Work request:
Below are entries; repeat exactly, and nothing else, the lines from the one holding "LUNARIA DROP –" through the one holding "在國家工信部、住建部、商務(wù)部、市", inclusive. Leave the pictures out.

Entries provided:

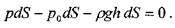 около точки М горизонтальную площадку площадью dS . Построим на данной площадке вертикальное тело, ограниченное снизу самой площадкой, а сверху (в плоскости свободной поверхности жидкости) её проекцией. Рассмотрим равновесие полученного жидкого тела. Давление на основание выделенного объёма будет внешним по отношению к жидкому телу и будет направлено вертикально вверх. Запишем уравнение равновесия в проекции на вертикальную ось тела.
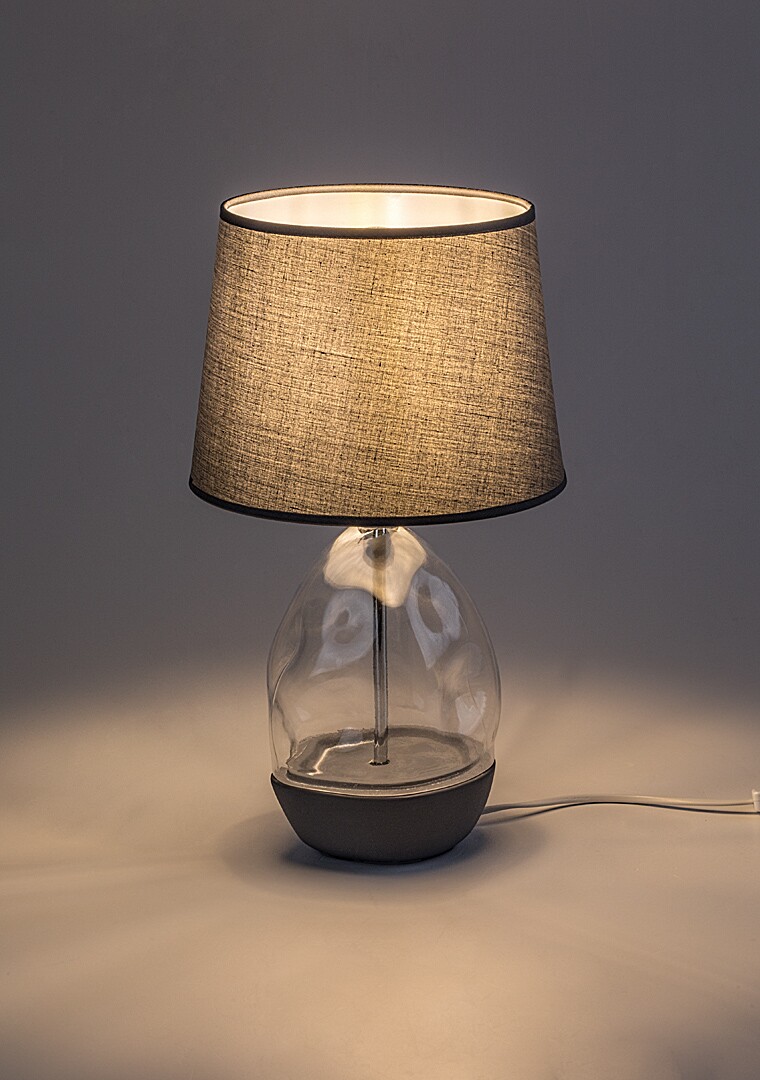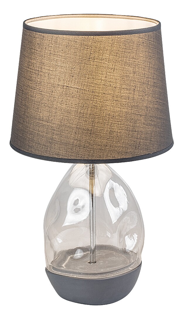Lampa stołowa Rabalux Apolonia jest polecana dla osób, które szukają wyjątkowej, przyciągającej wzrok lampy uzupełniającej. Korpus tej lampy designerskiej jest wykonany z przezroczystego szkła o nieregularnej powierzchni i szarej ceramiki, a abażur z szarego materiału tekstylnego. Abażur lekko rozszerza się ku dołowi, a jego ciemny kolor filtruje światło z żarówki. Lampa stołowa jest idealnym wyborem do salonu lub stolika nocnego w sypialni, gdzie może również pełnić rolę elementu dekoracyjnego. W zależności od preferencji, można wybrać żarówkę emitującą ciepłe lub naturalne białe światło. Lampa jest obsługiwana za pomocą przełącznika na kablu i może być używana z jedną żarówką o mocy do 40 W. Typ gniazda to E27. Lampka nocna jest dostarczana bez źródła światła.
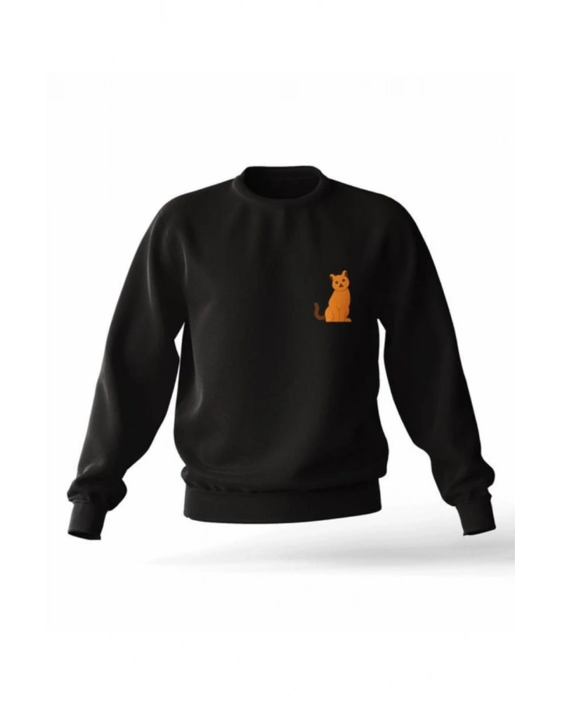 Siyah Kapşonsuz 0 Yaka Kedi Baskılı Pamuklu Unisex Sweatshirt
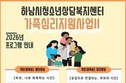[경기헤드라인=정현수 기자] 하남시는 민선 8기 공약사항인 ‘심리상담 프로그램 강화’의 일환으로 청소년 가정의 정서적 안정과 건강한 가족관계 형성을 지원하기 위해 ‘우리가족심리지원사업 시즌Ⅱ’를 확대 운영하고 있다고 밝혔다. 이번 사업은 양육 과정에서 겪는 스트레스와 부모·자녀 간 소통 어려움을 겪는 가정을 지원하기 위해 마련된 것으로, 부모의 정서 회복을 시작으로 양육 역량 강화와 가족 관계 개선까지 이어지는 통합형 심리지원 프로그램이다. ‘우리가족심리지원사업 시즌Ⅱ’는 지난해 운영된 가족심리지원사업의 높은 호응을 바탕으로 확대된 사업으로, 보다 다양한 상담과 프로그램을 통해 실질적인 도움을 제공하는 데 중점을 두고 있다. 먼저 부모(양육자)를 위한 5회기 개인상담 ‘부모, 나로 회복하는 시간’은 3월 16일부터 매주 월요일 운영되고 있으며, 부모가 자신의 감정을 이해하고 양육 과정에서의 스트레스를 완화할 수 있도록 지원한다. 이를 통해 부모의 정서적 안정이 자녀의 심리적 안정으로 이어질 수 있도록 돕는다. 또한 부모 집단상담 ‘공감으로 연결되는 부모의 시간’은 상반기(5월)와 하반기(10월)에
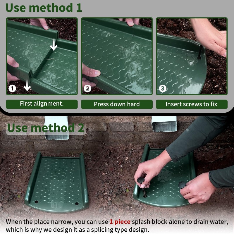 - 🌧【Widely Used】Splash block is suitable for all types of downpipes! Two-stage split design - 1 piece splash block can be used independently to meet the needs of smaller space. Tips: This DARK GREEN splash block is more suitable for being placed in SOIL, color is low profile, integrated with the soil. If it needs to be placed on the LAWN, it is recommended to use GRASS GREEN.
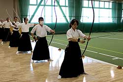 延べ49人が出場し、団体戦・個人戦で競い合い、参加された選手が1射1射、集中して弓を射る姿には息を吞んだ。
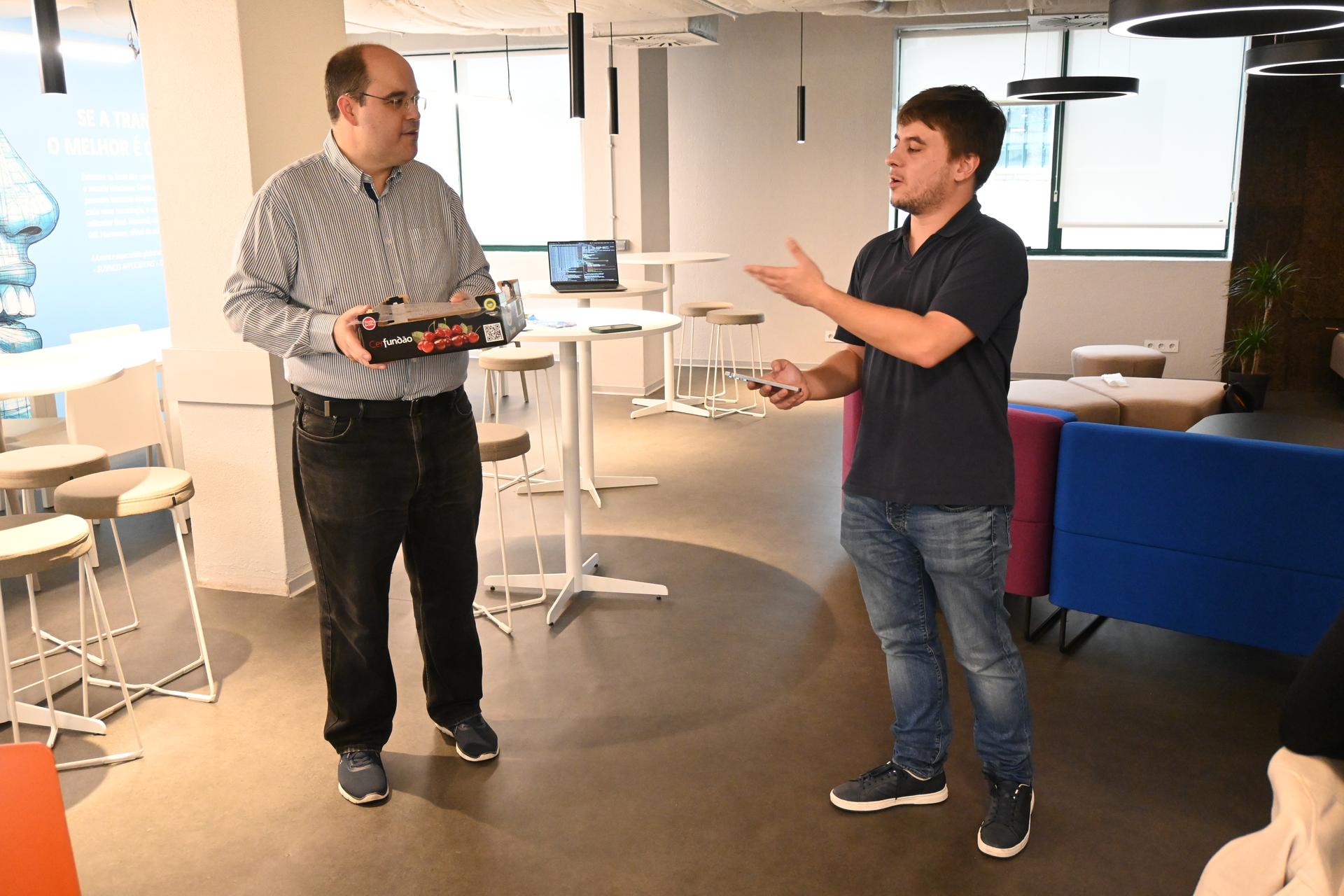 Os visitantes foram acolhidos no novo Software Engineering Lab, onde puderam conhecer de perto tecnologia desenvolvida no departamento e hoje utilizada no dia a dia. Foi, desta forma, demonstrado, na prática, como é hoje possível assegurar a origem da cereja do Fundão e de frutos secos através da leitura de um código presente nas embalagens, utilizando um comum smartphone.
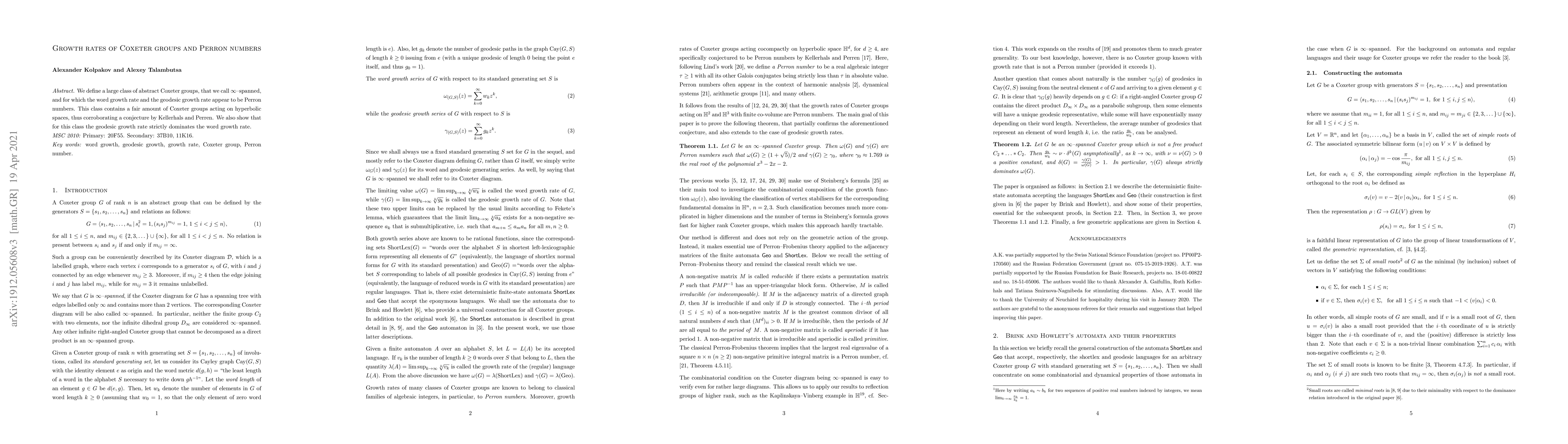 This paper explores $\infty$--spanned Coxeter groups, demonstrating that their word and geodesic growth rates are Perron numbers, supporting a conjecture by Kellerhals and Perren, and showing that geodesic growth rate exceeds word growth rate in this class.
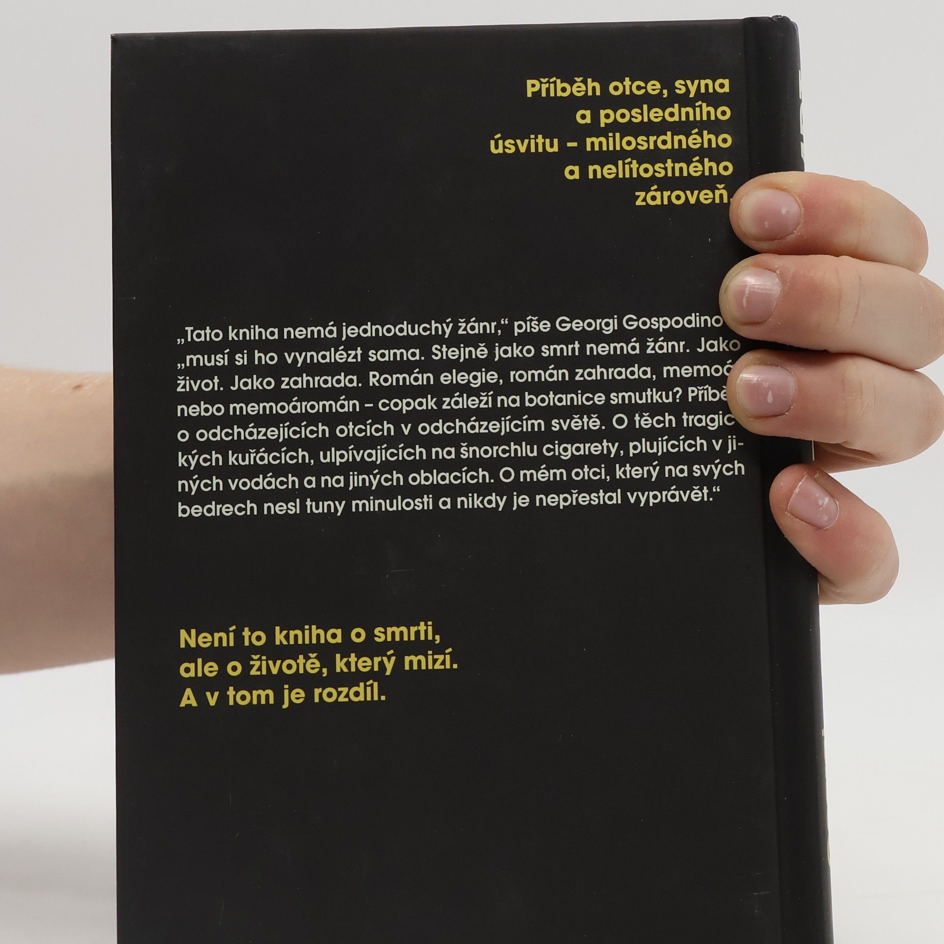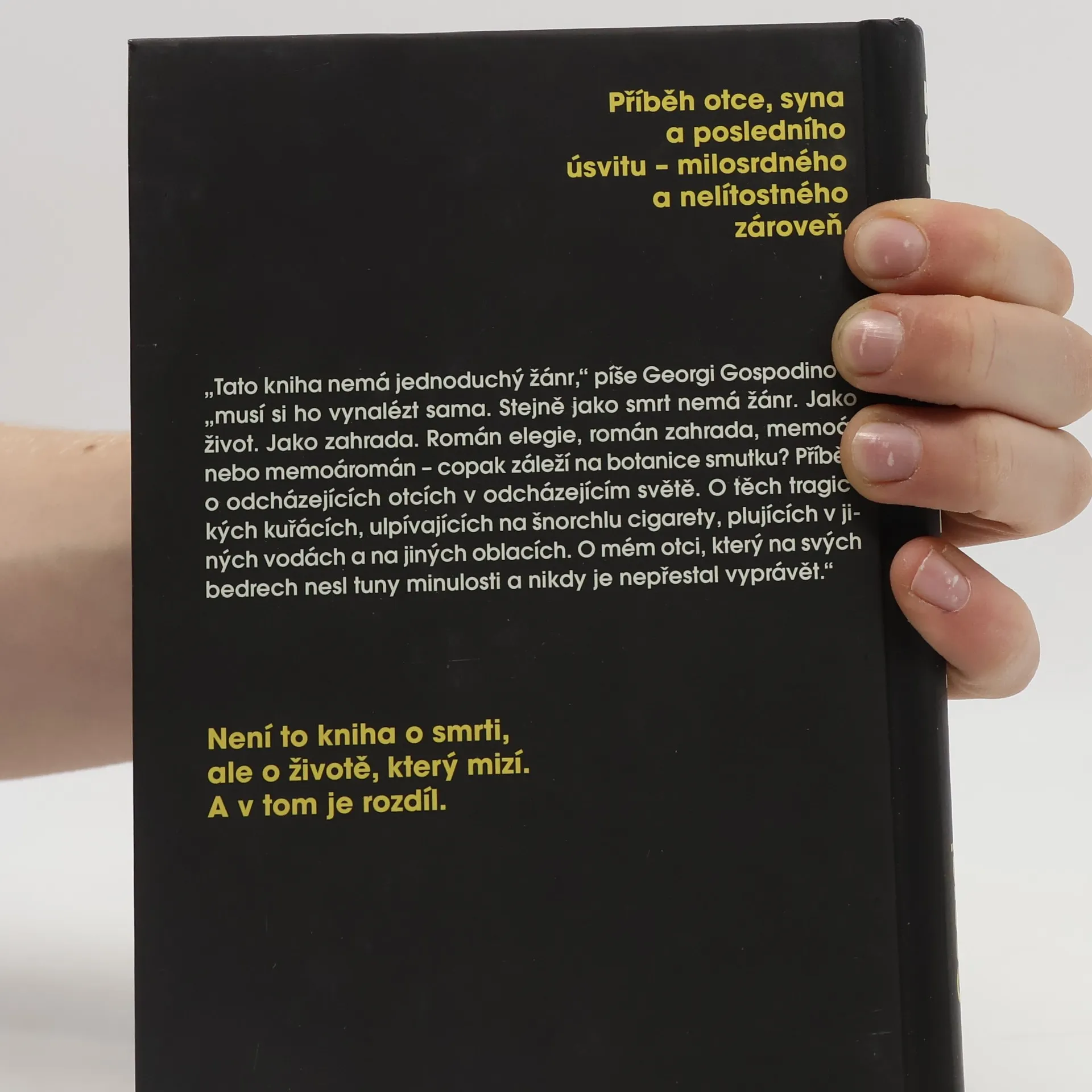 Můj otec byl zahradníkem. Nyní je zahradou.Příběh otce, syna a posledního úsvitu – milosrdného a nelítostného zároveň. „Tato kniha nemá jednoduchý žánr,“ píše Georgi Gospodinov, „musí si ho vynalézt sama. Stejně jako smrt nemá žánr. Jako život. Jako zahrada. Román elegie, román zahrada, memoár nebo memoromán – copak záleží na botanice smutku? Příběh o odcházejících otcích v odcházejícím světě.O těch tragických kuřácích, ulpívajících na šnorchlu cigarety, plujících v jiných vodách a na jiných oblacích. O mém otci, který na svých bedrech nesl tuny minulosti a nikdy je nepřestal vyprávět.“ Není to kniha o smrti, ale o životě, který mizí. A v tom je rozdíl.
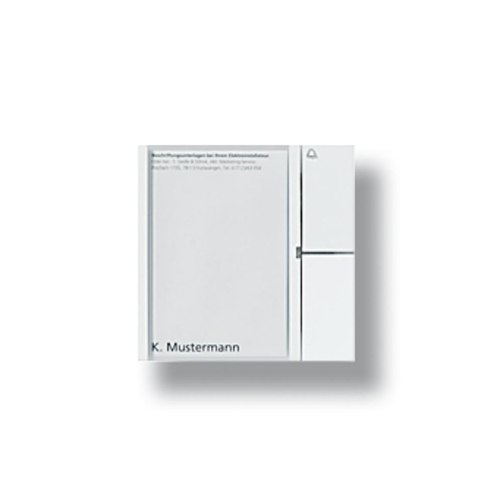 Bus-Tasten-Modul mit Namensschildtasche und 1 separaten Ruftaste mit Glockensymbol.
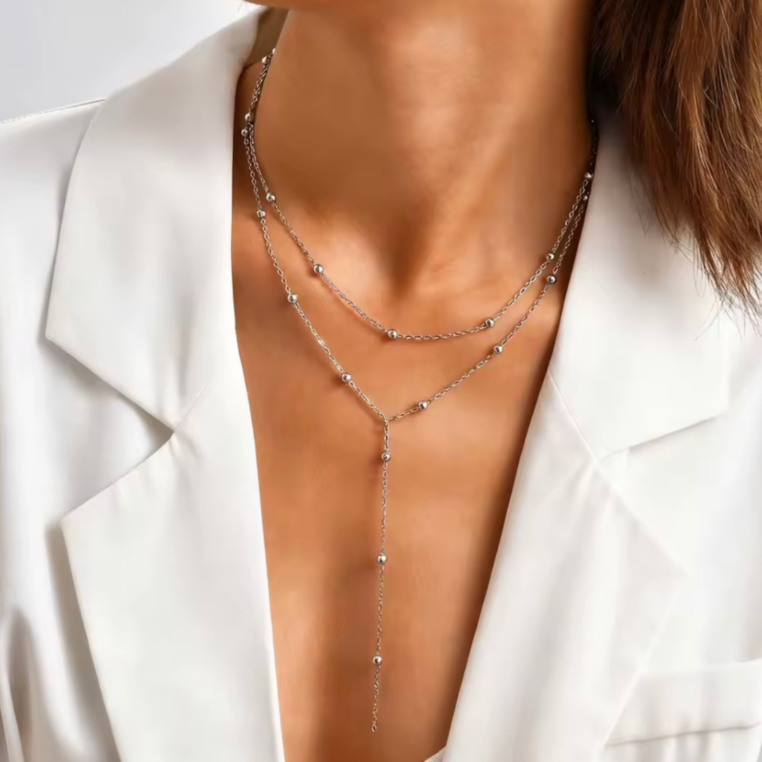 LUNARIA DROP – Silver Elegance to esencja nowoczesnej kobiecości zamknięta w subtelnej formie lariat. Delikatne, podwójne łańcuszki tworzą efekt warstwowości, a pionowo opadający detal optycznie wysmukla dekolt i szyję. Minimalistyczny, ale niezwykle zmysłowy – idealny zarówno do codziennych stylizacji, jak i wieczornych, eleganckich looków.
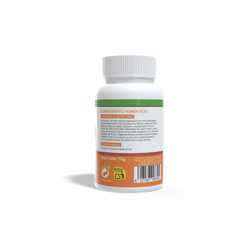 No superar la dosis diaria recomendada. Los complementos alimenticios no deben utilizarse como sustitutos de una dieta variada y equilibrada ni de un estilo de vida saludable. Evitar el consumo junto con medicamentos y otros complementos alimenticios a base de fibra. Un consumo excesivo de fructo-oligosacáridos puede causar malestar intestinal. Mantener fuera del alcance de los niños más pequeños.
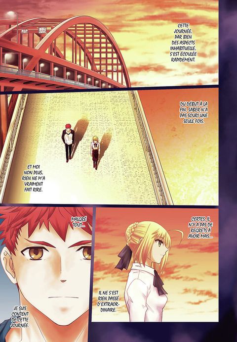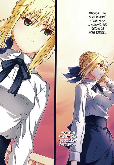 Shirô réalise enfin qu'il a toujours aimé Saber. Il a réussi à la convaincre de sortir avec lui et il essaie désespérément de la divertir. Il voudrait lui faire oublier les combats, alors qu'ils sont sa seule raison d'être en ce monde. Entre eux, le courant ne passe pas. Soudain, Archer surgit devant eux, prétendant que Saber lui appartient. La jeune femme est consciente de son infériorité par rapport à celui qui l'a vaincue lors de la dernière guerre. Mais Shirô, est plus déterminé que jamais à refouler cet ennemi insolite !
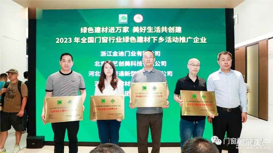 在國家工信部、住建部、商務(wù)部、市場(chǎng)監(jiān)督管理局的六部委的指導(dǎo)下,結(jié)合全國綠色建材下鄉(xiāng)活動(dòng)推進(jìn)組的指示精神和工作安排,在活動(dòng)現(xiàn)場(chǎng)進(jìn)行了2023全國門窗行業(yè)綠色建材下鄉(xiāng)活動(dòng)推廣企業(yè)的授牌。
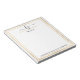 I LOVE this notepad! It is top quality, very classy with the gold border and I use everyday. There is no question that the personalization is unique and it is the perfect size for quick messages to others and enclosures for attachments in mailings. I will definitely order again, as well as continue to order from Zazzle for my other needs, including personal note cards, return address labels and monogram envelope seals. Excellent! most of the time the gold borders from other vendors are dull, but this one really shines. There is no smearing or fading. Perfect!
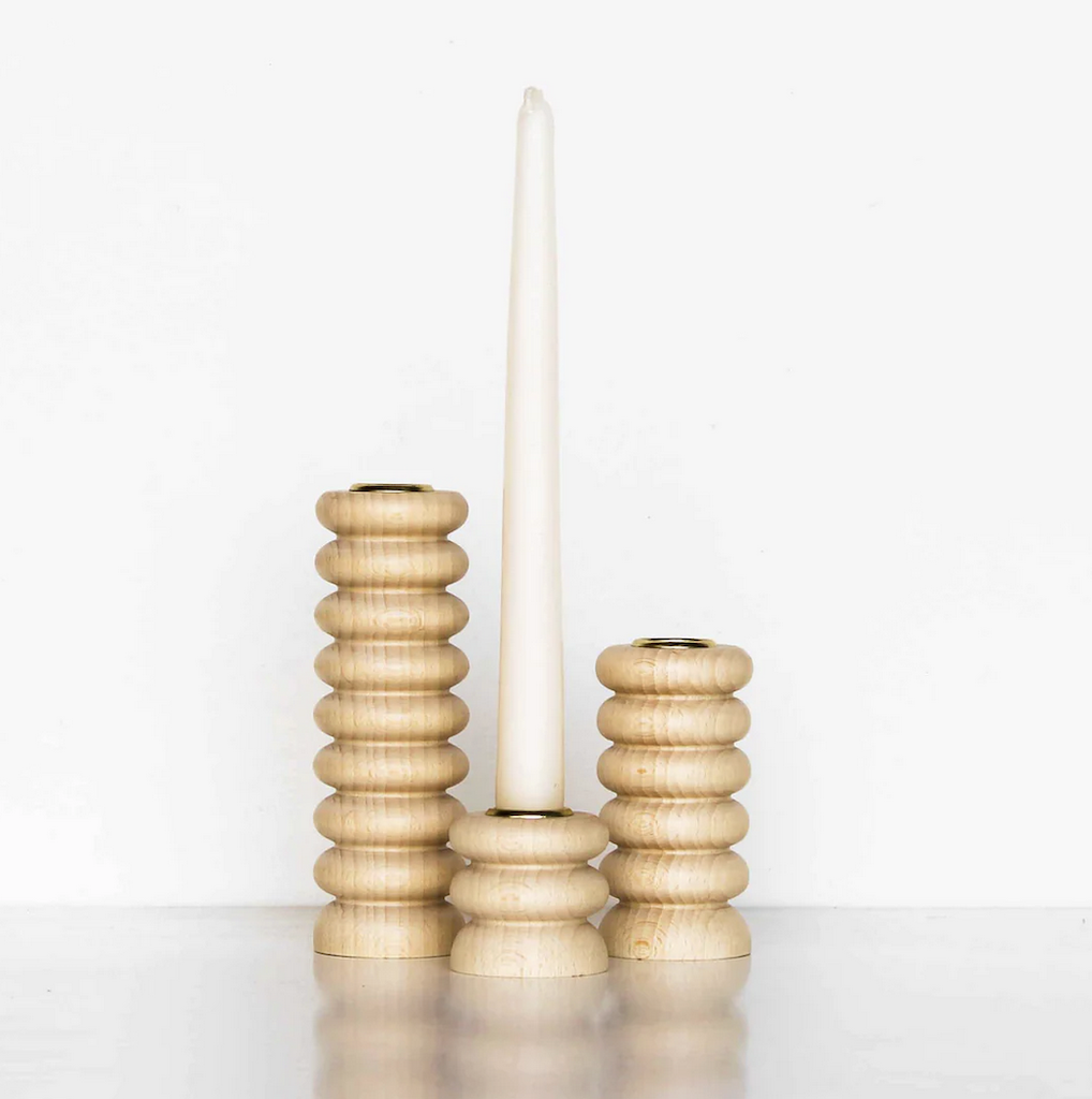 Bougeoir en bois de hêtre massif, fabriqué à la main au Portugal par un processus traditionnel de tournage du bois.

Reply to the task:
 LUNARIA DROP – Silver Elegance to esencja nowoczesnej kobiecości zamknięta w subtelnej formie lariat. Delikatne, podwójne łańcuszki tworzą efekt warstwowości, a pionowo opadający detal optycznie wysmukla dekolt i szyję. Minimalistyczny, ale niezwykle zmysłowy – idealny zarówno do codziennych stylizacji, jak i wieczornych, eleganckich looków.
 No superar la dosis diaria recomendada. Los complementos alimenticios no deben utilizarse como sustitutos de una dieta variada y equilibrada ni de un estilo de vida saludable. Evitar el consumo junto con medicamentos y otros complementos alimenticios a base de fibra. Un consumo excesivo de fructo-oligosacáridos puede causar malestar intestinal. Mantener fuera del alcance de los niños más pequeños.
 Shirô réalise enfin qu'il a toujours aimé Saber. Il a réussi à la convaincre de sortir avec lui et il essaie désespérément de la divertir. Il voudrait lui faire oublier les combats, alors qu'ils sont sa seule raison d'être en ce monde. Entre eux, le courant ne passe pas. Soudain, Archer surgit devant eux, prétendant que Saber lui appartient. La jeune femme est consciente de son infériorité par rapport à celui qui l'a vaincue lors de la dernière guerre. Mais Shirô, est plus déterminé que jamais à refouler cet ennemi insolite !
 在國家工信部、住建部、商務(wù)部、市場(chǎng)監(jiān)督管理局的六部委的指導(dǎo)下,結(jié)合全國綠色建材下鄉(xiāng)活動(dòng)推進(jìn)組的指示精神和工作安排,在活動(dòng)現(xiàn)場(chǎng)進(jìn)行了2023全國門窗行業(yè)綠色建材下鄉(xiāng)活動(dòng)推廣企業(yè)的授牌。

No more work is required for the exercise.